International AIDS Vaccine Initiative

A vaccine against AIDS – that is the ultimate panacea on the arduous journey to end AIDS.

The International AIDS Vaccine Initiative (IAVI) is a non-profit, scientific research organization with the mission of translating scientific discoveries into globally affordable and accessible public health solutions to some of the worst existing and emerging global health challenges, including HIV, tuberculosis (TB), and COVID-19.

In 2022 IAVI had more than 100 scientific, industry and government partnerships across the world. Through partnerships with research institutions and communities in some of the countries most affected by HIV, TB, and now COVID-19, IAVI supports the development of local scientific infrastructure, capacity, and leadership.

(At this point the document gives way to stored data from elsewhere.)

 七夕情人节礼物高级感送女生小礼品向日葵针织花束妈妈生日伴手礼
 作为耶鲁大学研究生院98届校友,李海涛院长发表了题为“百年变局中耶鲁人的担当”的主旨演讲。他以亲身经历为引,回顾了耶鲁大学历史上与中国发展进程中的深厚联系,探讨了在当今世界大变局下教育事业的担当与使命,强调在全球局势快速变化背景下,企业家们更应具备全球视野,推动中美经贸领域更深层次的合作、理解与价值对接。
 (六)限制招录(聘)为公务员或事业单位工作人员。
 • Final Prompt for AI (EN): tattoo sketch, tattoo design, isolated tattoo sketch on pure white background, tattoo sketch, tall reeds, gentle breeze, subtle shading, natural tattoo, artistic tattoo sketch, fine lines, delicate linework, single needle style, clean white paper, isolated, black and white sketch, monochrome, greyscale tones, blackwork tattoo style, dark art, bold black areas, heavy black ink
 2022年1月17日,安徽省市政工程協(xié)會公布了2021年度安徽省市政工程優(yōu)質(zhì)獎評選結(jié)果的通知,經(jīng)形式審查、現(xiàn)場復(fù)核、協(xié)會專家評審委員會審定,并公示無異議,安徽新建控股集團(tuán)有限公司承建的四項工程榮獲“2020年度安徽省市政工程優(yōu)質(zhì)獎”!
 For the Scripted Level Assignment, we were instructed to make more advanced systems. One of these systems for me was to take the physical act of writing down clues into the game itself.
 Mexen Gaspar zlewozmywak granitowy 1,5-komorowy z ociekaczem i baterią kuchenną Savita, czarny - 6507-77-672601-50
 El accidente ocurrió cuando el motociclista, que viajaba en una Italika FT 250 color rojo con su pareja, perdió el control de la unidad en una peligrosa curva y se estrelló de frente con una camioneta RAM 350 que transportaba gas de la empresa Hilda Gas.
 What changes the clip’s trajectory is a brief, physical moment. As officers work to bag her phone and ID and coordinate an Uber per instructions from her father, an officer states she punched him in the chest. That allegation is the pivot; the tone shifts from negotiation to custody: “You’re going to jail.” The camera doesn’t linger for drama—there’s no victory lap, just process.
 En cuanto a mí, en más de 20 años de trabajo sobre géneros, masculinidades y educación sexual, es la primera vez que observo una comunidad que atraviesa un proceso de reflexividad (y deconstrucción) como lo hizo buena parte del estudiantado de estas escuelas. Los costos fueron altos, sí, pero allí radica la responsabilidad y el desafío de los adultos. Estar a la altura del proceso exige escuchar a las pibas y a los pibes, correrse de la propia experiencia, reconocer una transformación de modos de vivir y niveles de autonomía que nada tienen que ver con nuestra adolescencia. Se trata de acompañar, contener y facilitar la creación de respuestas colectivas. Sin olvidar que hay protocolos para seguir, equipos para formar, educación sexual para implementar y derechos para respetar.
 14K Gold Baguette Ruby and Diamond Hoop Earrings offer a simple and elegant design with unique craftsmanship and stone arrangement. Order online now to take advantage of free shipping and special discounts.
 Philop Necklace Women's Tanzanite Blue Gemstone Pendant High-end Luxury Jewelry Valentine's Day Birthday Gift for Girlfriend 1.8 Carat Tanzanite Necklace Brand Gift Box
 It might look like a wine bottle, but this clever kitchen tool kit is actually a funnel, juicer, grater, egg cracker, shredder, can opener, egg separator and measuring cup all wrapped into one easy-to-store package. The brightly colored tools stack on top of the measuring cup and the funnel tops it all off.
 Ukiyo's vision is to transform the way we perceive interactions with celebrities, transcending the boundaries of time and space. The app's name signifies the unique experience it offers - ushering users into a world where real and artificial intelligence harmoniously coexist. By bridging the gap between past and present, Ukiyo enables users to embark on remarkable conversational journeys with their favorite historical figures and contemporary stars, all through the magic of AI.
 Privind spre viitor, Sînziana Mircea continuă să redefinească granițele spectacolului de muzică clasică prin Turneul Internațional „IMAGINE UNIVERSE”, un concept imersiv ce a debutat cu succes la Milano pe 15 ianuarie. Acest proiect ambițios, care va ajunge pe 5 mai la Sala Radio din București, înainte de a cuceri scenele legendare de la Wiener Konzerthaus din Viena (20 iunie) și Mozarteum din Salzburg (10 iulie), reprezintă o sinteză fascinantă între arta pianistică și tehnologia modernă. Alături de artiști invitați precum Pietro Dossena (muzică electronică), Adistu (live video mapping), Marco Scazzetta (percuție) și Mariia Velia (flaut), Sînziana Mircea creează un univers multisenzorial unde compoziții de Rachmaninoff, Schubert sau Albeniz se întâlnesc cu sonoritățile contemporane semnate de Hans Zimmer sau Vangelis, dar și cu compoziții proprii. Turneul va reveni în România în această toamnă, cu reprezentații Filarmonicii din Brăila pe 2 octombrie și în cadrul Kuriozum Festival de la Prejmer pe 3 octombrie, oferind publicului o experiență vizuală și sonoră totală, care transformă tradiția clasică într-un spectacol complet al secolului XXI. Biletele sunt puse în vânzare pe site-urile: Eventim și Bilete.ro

Long-term, sustainable local partnerships ensure that scientific and community capacity building remain integral to the research process and allows the most vulnerable and at-risk populations, such as adolescent girls and young women, to be included in and benefit from the research.

Still an urgent need for HIV vacccines

HIV vaccines are still urgently needed to help end HIV/AIDS – many populations, including adolescent girls and young women, female sex workers, and men who have sex with men, remain at high risk of HIV infection due to lack of or limited access to and uptake of prevention services.

A full range of social, economic, gender and legal-related issues, amongst others, fuel these inequalities, a situation only exacerbated by the COVID-19 pandemic.  Developing and ensuring global access to HIV vaccines to all those at risk will be essential to end the HIV/AIDS global epidemic.

?

HIV Vaccines
There are numerous scientific challenges to developing an HIV vaccine. The unprecedented genetic variability of the virus, its ability to quickly establish a persistent lifelong infection, and the fact that not a single person has cleared HIV on their own are just some of the obstacles researchers face in trying to understand how to induce protective immunity against the virus.

Given the complexity of combating HIV, traditional approaches to vaccine development that led to many of the licensed vaccines in use today are either impractical, or have so far failed to result in effective vaccines.

(Source: IAVI – HIV Vaccines)

IAVI and Denmark

IAVI is a long-standing partner of The Danish Ministry of Foreign Affairs in its commitment to ending HIV/AIDS and promoting Sexual and Reproductive Health Rights – and as such a key actor in Denmark’s efforts to achieve the 2030 Sustainable Development Agenda.

Denmark has supported IAVI since 2001 with a total contribution of 142.5 million DKK (in 2021). Jointly with the support of other governments in and outside Europe, and philanthropic funders such as the Bill & Melinda Gates Foundation, the Danish contribution has (by 2021) allowed IAVI and partners to:
– evaluate 29 vaccine candidates in clinical trials
– discover and develop an entirely novel HIV prevention approach based on antibodies
– develop 12 state-of the-art labs and clinics in Sub-Saharan Africa and India
– train almost a thousand researchers and health and community workers to support HIV prevention research
– link more than 800,000 people to HIV counselling and testing services and other healthcare services.

AIDS-Fondet collaborates with IAVI because we too believe that a vaccine against AIDS is the ultimate weapon in the fight against HIV.